Gaius outperforms [OpenBLAS](https://github.com/xianyi/OpenBLAS) over a large

range of matrix sizes, but

does begin to appreciably fall behind around `800 x 800` matrices for

`Float64` and `650 x 650` matrices for `Float32`. I believe there is a

large amount of performance left on the table in Gaius and I look

forward to beating OpenBLAS for more matrix sizes.

#### Complex Floating Point Performance

Click to expand:

Here is Gaius operating on `Complex{Float64}` structs-of-arrays

competeing relatively evenly against OpenBLAS operating on

`Complex{Float64}` arrays-of-structs:

![Complex{Float64} Matrix Multiplication](assets/C64_mul.png "Complex{Float64} Matrix Multiplication")

I think with some work, we can do much better.

#### Integer Performance

Click to expand:

These benchmarks compare Gaius (on the same machine as above) and

compare against Julia's generic matrix multiplication implementation

(OpenBLAS does not provide integer mat-mul) which is not

multi-threaded.

![Int64 Matrix Multiplication](assets/I64_mul.png "Int64 Matrix Multiplication")

![Int32 Matrix Multiplication](assets/I32_mul.png "Int32 Matrix Multiplication")

*Note that these are log-log plots.*

Benchmarks performed on a machine with the AVX512 instruction set show an

[even greater performance gain](https://github.com/chriselrod/LoopVectorization.jl).

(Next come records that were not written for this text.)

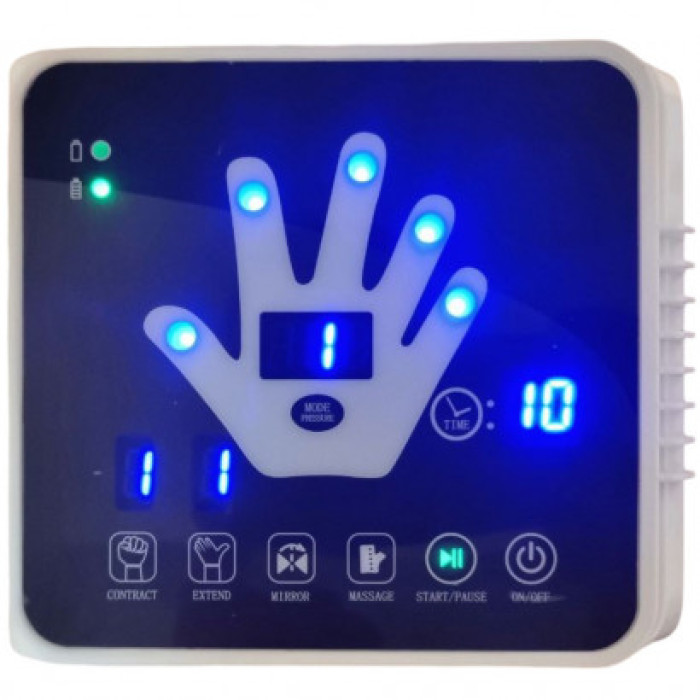 - LED-дисплей отображает: индикатор заряда аккумулятора, скорость сжатия/разжатия пальцев, функцию «зеркального управления», старт/пауза, включение/выключение, режим процедуры, время процедуры, а также индикаторы включения и отключения каждого пальца по отдельности.
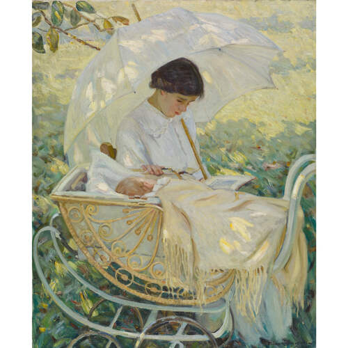 Primarily a painter of working women and maternal themes in outdoor settings, McNicoll drew her subject-matter from the tradition of Impressionist women painters such as Berthe Morisot and Mary Cassatt, while acknowledging the “new woman” of the modernist age. Works such as Under the shadow of a tent (c. 1914) and Young mother in the shade (c. 1914) are especially effective in representing intimacy and bonding between women and the changing representation of maternity. A reviewer in the Family Herald and Weekly Star noted that “her style is broad and simple and she follows the modern school of sunlit effects without any affectation, but absolute sincerity.” Contemporary women artists such as Florence Carlyle, Laura Muntz Lyall, and Emily Carr serve to position McNicoll’s art within the broader community of serious female artists whose exploration of female experience, nature, and techniques of painting have been largely marginalized within the history of Canadian art.
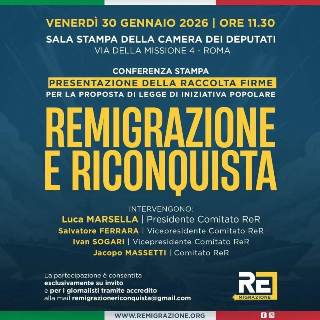 Rome. Le 30 janvier 2026, le comité « Remigrazione e riconquista » devait présenter son projet de loi d’initiative populaire à l’Assemblée. Mais l’événement a été annulé pour des raisons d’ordre public, après que les députés de l’opposition ont occupé la salle de presse pour leur faire barrage. Une méthode intimidante et discriminatoire qui rappelle plus la mafia que la démocratie…
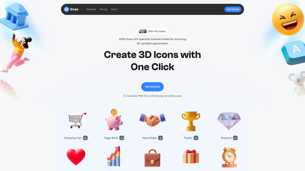 独特的、具有凝聚力的 3D 图标 / AI 驱动设计 / 背景去除 从 $5 起 / 1000 积分
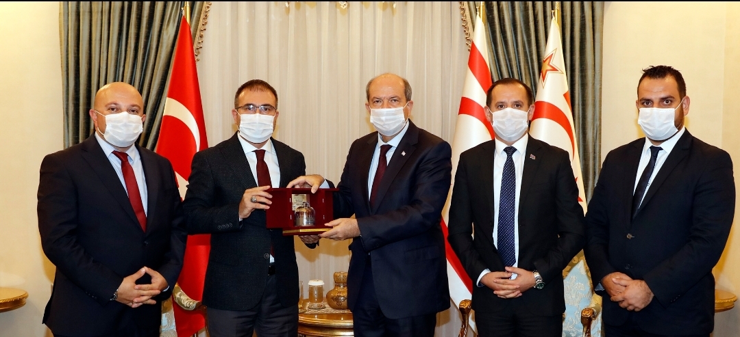 EkoAvrasya Denetleme Kurulu Başkanı Nazım Koşar, Kıbrıs Azerbaycan Cemiyeti Başkanı Orhan Hasanoğlu ve Öğretim Üyesi Ahmet Hamdi’nin de hazır bulunduğu kabulde, Cumhurbaşkanı Tatar’a Azerbaycan’dan getirilen vatan toprağı takdim edildi.
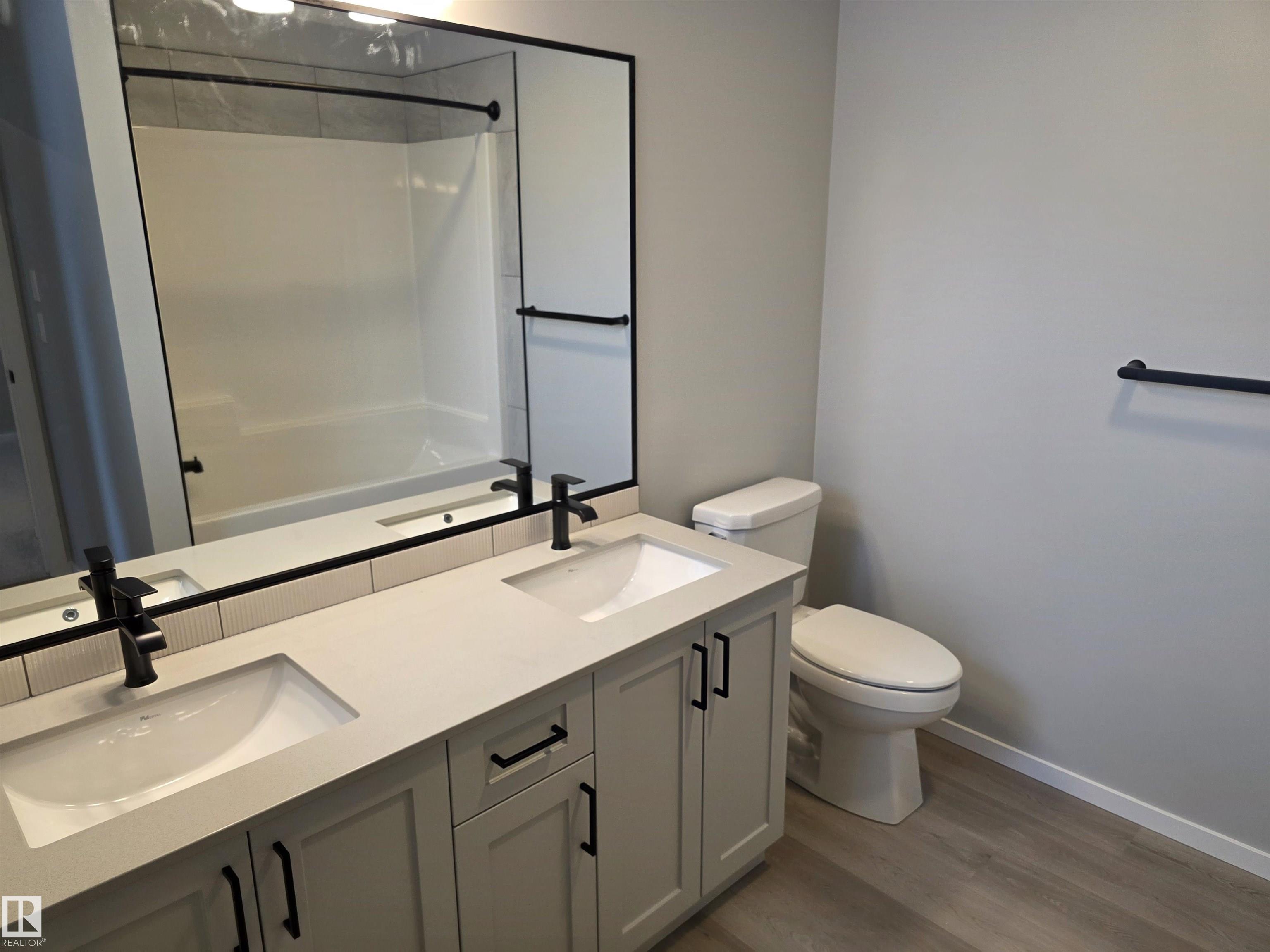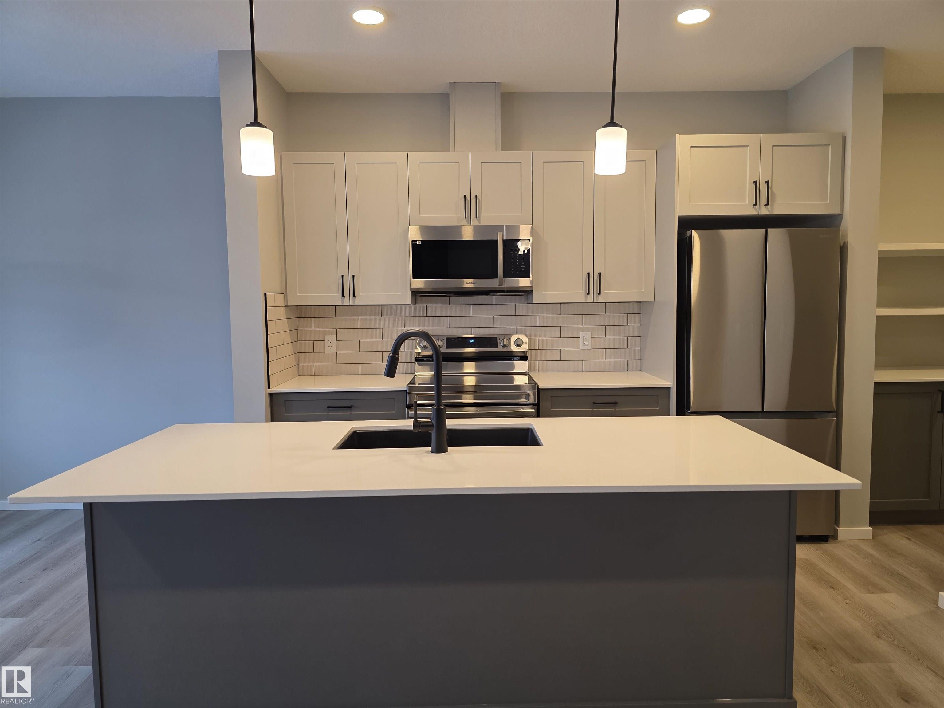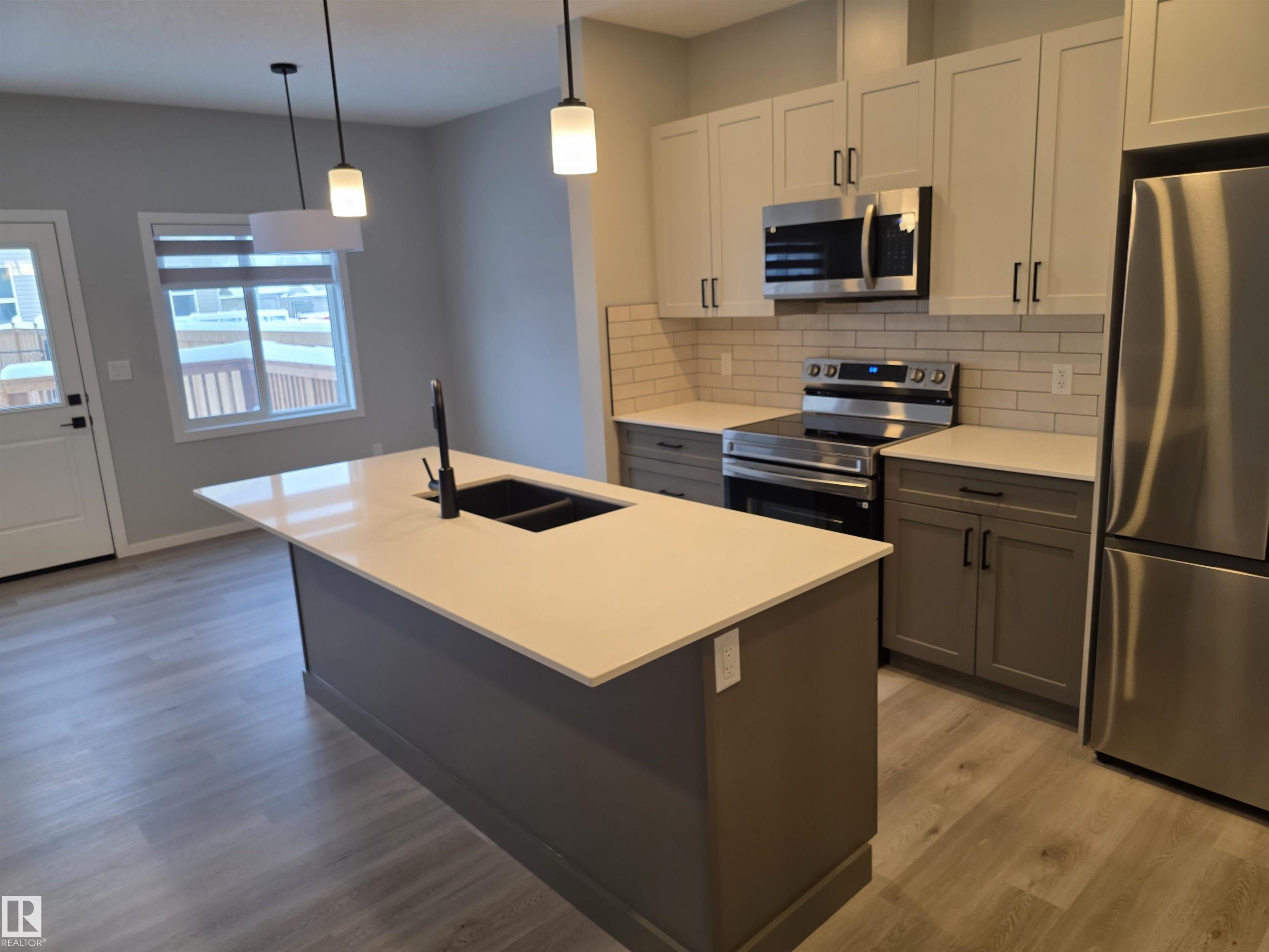 IMMEDIATE POSSESSION. This newly built 2-storey half duplex by Alquinn Homes offers exceptional value backing greenspace and a deck already included. The main floor showcases a contemporary open-concept design that seamlessly connects the kitchen, dining, and living areas?ideal for both everyday living and entertaining. The modern kitchen is thoughtfully appointed with a central island, breakfast bar, walk-in pantry, and refined finishes throughout. A practical rear mudroom adds convenience with a built-in bench and cubbies. Upstairs, enjoy the flexibility of a bonus room alongside upper-floor laundry, 2 additional bedrooms, and a full bathroom. The primary suite is a private retreat, featuring a spacious walk-in closet and a beautifully finished 5pc ensuite with elegant fixtures. UPGRADES: deck, fully fenced yard, upgraded appliances, triple-pane windows, upgraded flooring, MDF shelving throughout, double closet doors, soft-close cabinetry, sill granite sinks, and more.

If you find yourself in a high performance situation where you want to

multiply matrices of integers, I think this provides a compelling

use-case for Gaius since it will outperform it's competition at

*any* matrix size and for large matrices will benefit from

multi-threading.

## Other BLAS Routines

I have not yet worked on implementing other standard BLAS routines

with this strategy, but doing so should be relatively straightforward.

## Safety

*If you must break the law, do it to seize power; in all other cases observe it.*

-Gaius Julius Caesar

If you use only the functions `Gaius.mul!`, `Gaius.mul`,

`Gaius.mul_serial!`, and `Gaius.mul_serial`,

automatic array size-checking will occur before

the matrix multiplication begins. This can be turned off in

`mul!` by calling `Gaius.mul!(C, A, B; sizecheck=false)`, in

which case no sizechecks will occur on the arrays before the matrix

multiplication occurs and all sorts of bad, segfaulty things can

happen.

All other functions in this package are to be considered *internal*

and should not be expected to check for safety or obey the law. The

functions `Gaius.gemm_kernel!` and `Gaius.add_gemm_kernel!` may be of

utility, but be warned that they do not check array sizes.